J’étais souvent dans le stéréotype drama = romance scolaire (notez, je ne suis pas réfractaire à la school romance, loin de là, déjà, parce qu’en en écrivant moi-même, ce serait faire preuve de mauvaise foi et puis, c’est sympa pour se détendre, une histoire d’amour sur fond de vie lycéenne. Mais je trouvais que la plupart des drama restaient très basiques). Et là, surprise, je tombe sur The Devil, un polar rudement bien ficelé. Je ne peux juger l’ensemble de la série mais les deux épisodes (et le troisième en cours de visionnage pendant cette chronique) m’ont convaincu que ce drama est un petit bijou.

L’intrigue qui semble démarrer sur une banale histoire de tueur en série nous dévoile une sombre vengeance. Le jeu des acteurs est plutôt pas mal, notamment le mystérieux avocat qui me fait beaucoup penser à Light de Death Note par sa froideur et son côté manipulateur. La présence d’un personnage qui possède un don paranormal n’est pas récent dans un polar mais c’est plutôt rare le don de psychométrie (la possibilité de voir le passif en touchant simplement un objet.). L’inspecteur Kang est un personnage très intéressant, avec un sombre passé et des relations troubles mais qui ne l’empêche pas d’avoir des moments d’humour. Il me fait un peu penser à l’inspecteur Quentin dans le manga Cat’s Eyes.

La série regorge de symboliques et de référence à la fois à la psychatrie, à la religion et d’une façon à la spiritualité. Et chose notable, on n’oublie pas qu’on est en Corée du Sud, montrant bien que le réalisateur ne veut pas faire un copier collé des séries policières américaines.

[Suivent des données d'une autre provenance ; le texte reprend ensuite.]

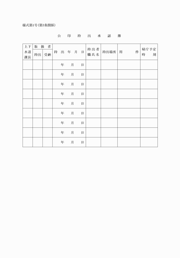 第5条 上下水道課長は、公印台帳(様式第3号)を備え、公印の種類、印影その他必要な事項を登録しておかなければならない。
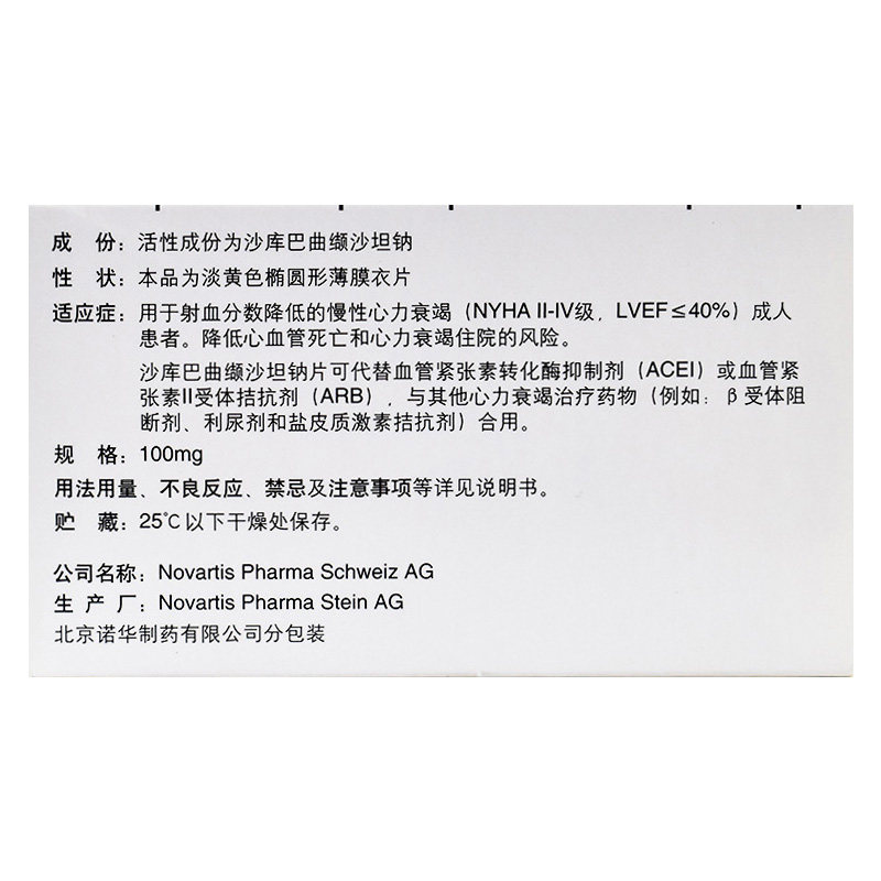 Novin nuo xinfu/enteresto shakakusa salin salin таблетки натрия 100 мг*14 таблетки/коробка для лечения хронической медицины сердечной недостаточности
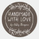 Stylish Greenery Handmade With Love Name Brown Classic Round Sticker
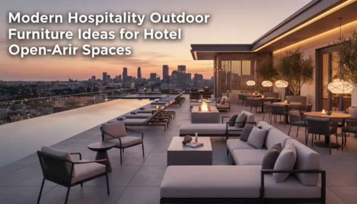 modern hospitality outdoor furniture ideas for hotels. Elevate open-air spaces with durable, stylish, and comfortable designs. Find top trends and material insights.
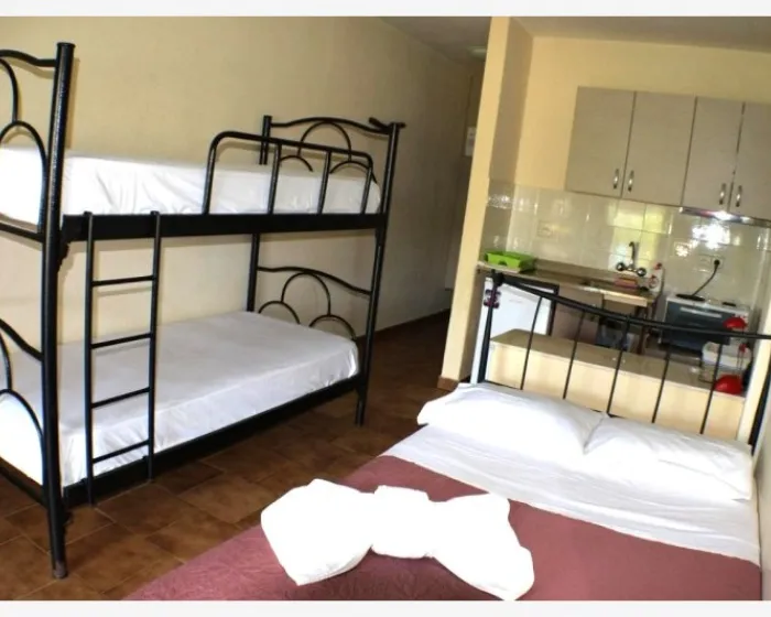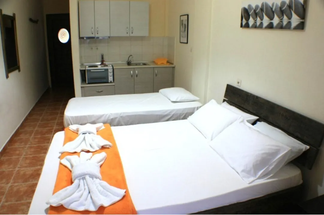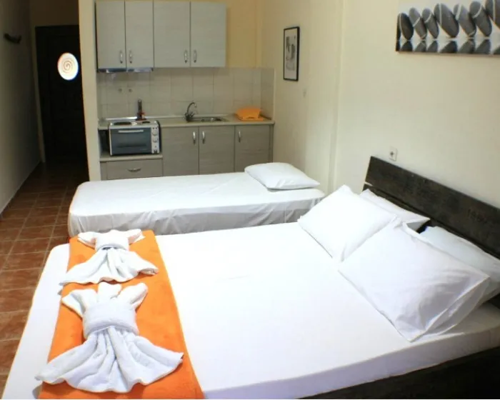 Svaka smeštajna jedinica poseduje osnovno opremljenu kuhinju sa mini šporetom, kupatilo, terasu, TV i klima uređaj čije je korišćenje uključeno u cenu najma apartmana
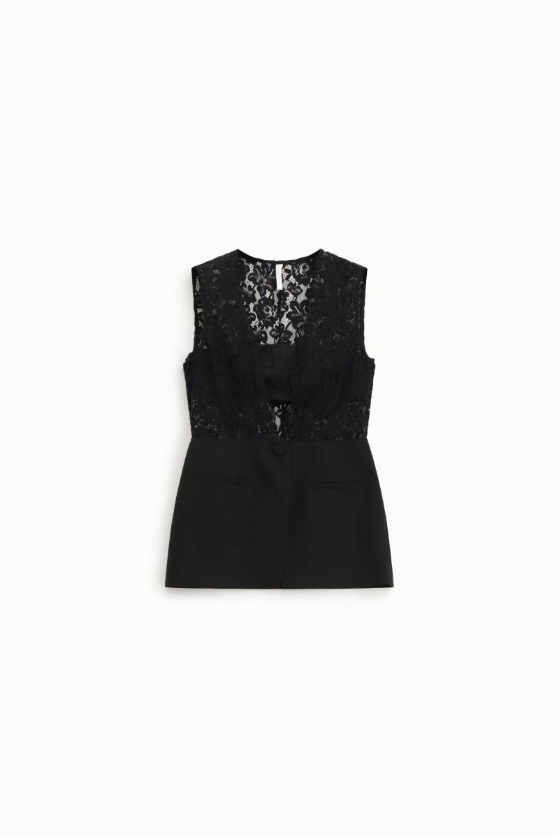 Жилет має контрастну комбінацію тканин — верх виконаний із делікатного прозорого мережива з флористичним візерунком, а нижня частина — з щільної костюмної тканини, яка створює чіткий силует.
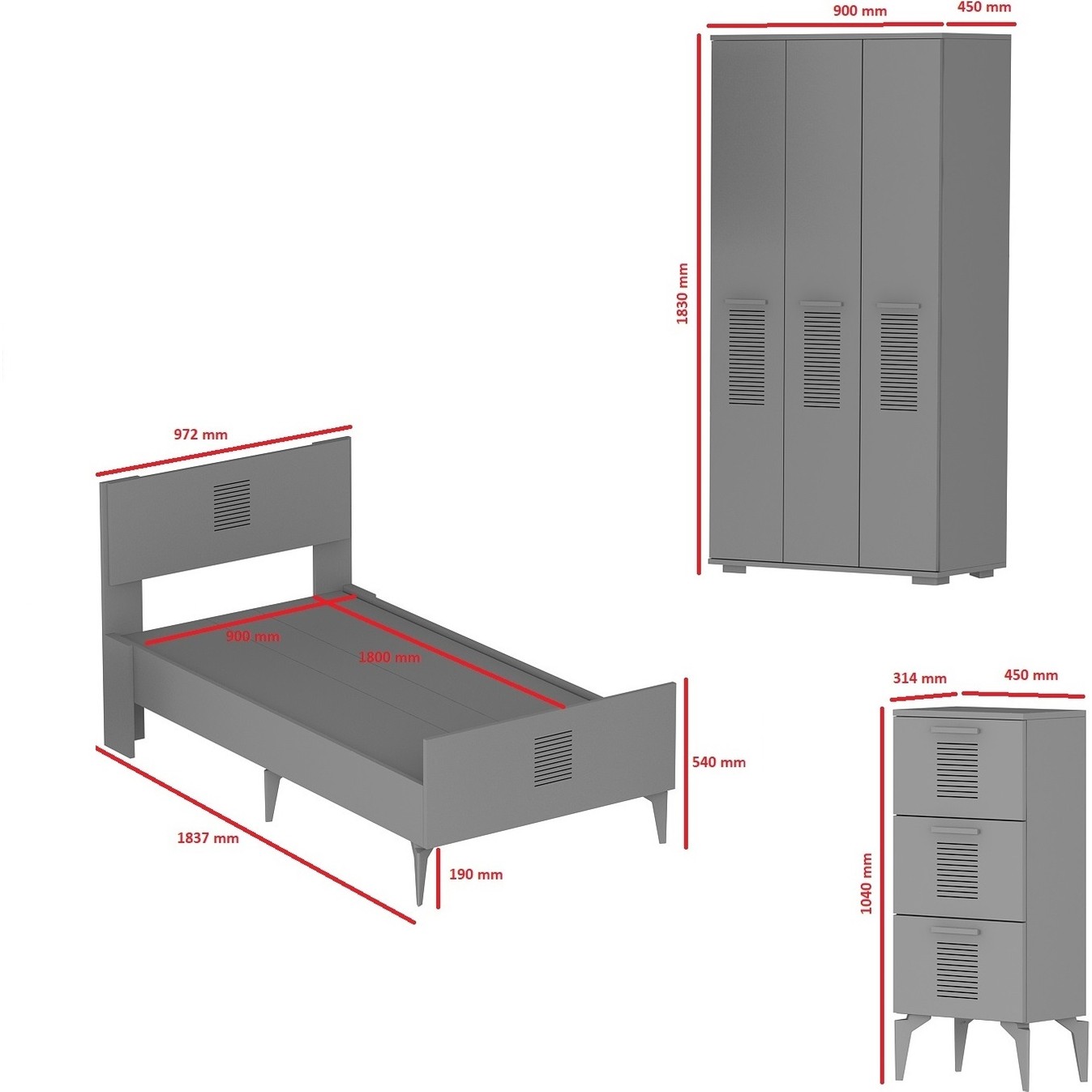 Asimo Çocuk Genç Odası Takımı (H-L-C) : Tek Kişilik Karyola Ölçüleri : Başlık yükseklik 90 cm x Genişlik 97 cm x Derinlik 180 cm ölçüsündeki tek kişilik yataklara uygundur, ürün içerinde yatak hariçtir. Asimo Şifonyer ÖLçüler ; Genişlik: 45 CM x Yükseklik: 104 CM X Derinlik: 31.4 . Gardırop Ölçüleri : Genişlik 90cm x derinlik 45 cm x Yükseklik 183cm. Detaylı Ürün ölçüleri görselde belirtilmiştir, Lütfen görselden inceleyiniz, açıklamaları dikkatli okuyunuz ürünümüzü tercih etmeden önce lütfen ölçülerine dikkat ediniz. Ürün ayakları sağlam plastik malzemeden üretilmiştir. Ürün görsellerinde görüntülediğiniz cihaz ışığından kaynaklı ürün renklerinde ton farklılıkları olabilmektedir. Malzeme : 18 mm kalınlığında suntalam malzeme kullanılarak üretilmiştir. Ürün nemli bez ile kolayca silinebilir. Ürünlerimiz demonte olarak gönderilmekte olup kurulum siz değerli müşterimize aittir. Kurulumu kolayca yapabilmeniz için ihtiyacınız olan tüm parçalar kurulum şeması ile birlikte gönderilmektedir. Paketin içerisinden çıkan kurulum şeması ile ürününüzü keyifle kullanıma hazırlayabilirsiniz. Satış Sonrası : Ürünü teslim aldıktan sonra hasarlı parçalar var ise parça üzerinde yazan numarayı veya parça ölçülerini, eksik parçalar var ise kurulum şemasından eksik parça numarasını belirleyip müşteri temsilcimize ilettiğinizde hasarlı parçalar şekilde tarafınıza gönderilmektedir Montajı gerçekleştirilmiş ürünlerin iadesi yapılmamaktadır.
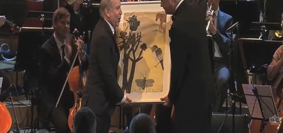 Paul Simon begins his speech with humility and gentle humor, expressing how deeply honored—and somewhat astonished—he is to receive such a prestigious award. He emphasizes that music is never created in isolation. He pays tribute to his musical influences, particularly American traditions such as folk, gospel, and rhythm & blues, as well as global musical cultures, especially African and Latin music, which have strongly shaped his work. Simon highlights the importance of collaboration, explaining that many of his most meaningful works emerged from encounters with other musicians, cultures, and ideas. He describes music as a universal language that transcends borders, politics, and cultural differences. He also expresses sincere gratitude to the audience, noting that songs truly come alive only when they are heard, shared, and embraced by listeners. He concludes on a thoughtful and modest note, reflecting on music as both a mystery and a gift, and describes himself simply as a fortunate craftsman who has been able to devote his life to making music.
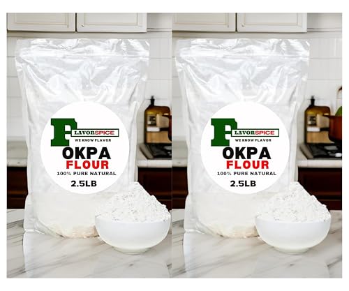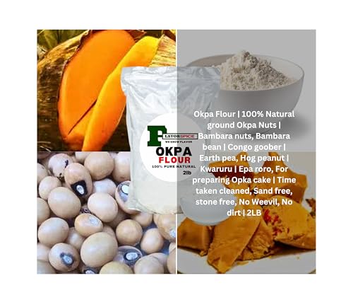 Okpa Flour 2.5LB | 2 PACKS | 100% Natural ground Okpa Nuts | Bambara nuts | Bambara bean | Congo goober | Earth pea | Hog peanut | Kwaruru | Epa roro | For preparing Opka cake | Time taken cleaned, Sand free, stone free, No Weevil, No dirt The English name for okpa is Bambara nuts. Okpa is a Nigerian delicacy made from Bambara nut flour, pepper, palm oil, and seasonings and has many other names in different languages, including: Igbo: Okpa, ịgba, and ntucha, Hausa: Gurjiya, kwaruru, and Bambara, Yoruba: Epa-roro, Idoma: Ikpe. Rich in protein and minerals and are considered a balanced staple food. Used in the preparation of Opka cake, African local delicacies. Our Bean powder do not require a lot of tedious work like soaking, cleaning, peeling, grinding, etc.
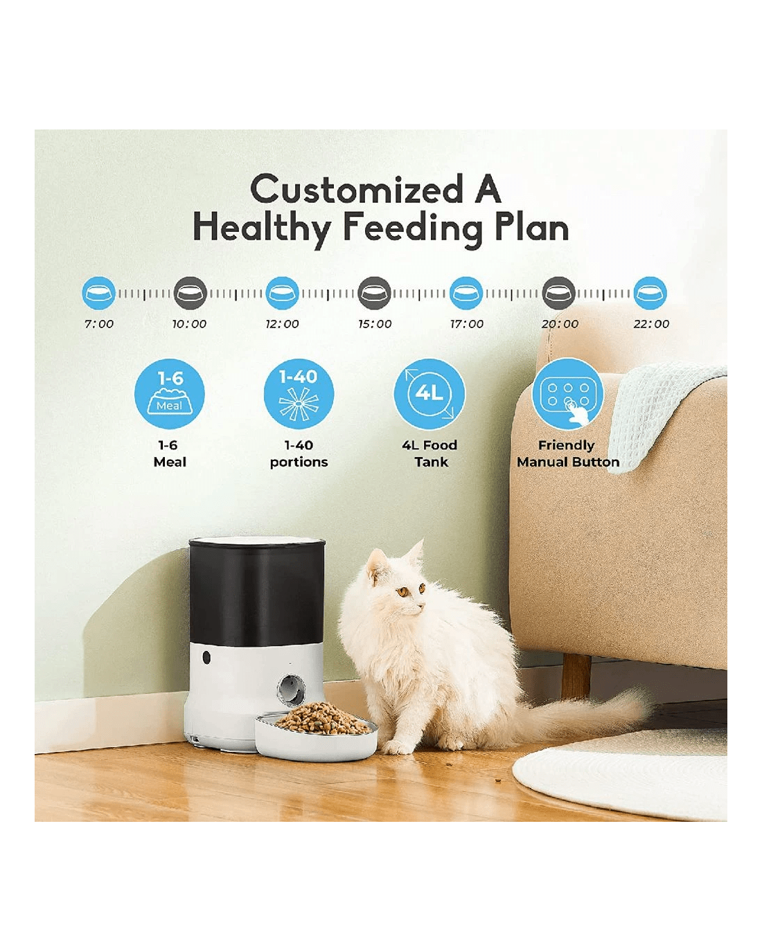 - You can program the number of meals per day and the portion sizes to manage your pet’s diet.
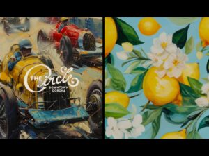A custom “C” logo references the historic raceway, paired with lemon-yellow and citrus green tones that reflect the region’s agricultural roots. Typography plays a key role, with a vintage, hand-lettered style inspired by early 20th-century race and produce advertisements. The letterform extends into a lemon branch, embedding symbolism directly into the design.
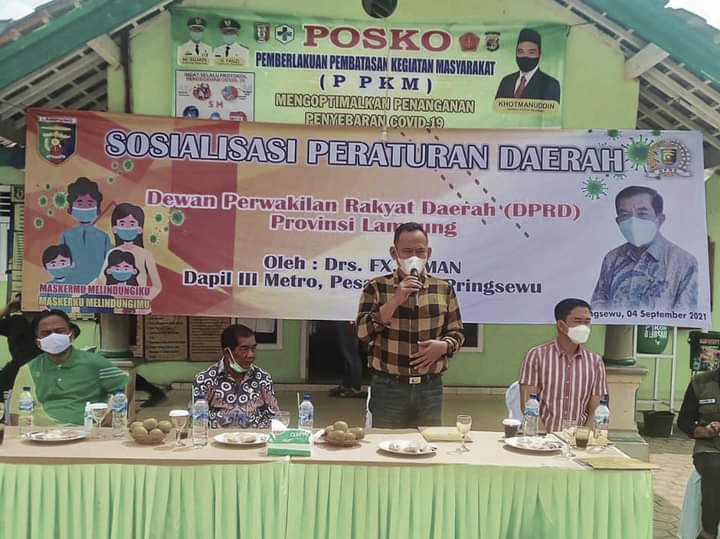 Sementara itu, anggota DPRD Provinsi Lampung FX Siman, selaku pihak penyelenggara sosialisasi mengatakan kegiatan sosialisasi dilaksanakan di ruang terbuka tanpa atap bertujuan agar seluruh peserta dapat menikmati sinar matahari pagi yang berguna untuk menambah imunitas tubuh. “Dengan berjemur sekaligus menjaga jarak, menggunakan masker serta mencuci tangan dengan sabun, merupakan tindakan pencegahan terpapar Covid-19”, katanya.

La série n’est pas exempt de défaut dont un auquel il faut s’habituer, c’est les moments de tremblements de la caméra. Ce n’est pas toujours le cas mais, c’est un peu agaçant.

Bref, je pense que ce drama mérite d’être découvert. Et dès la fin de mon visionnage, je vous proposerai une critique plus longue.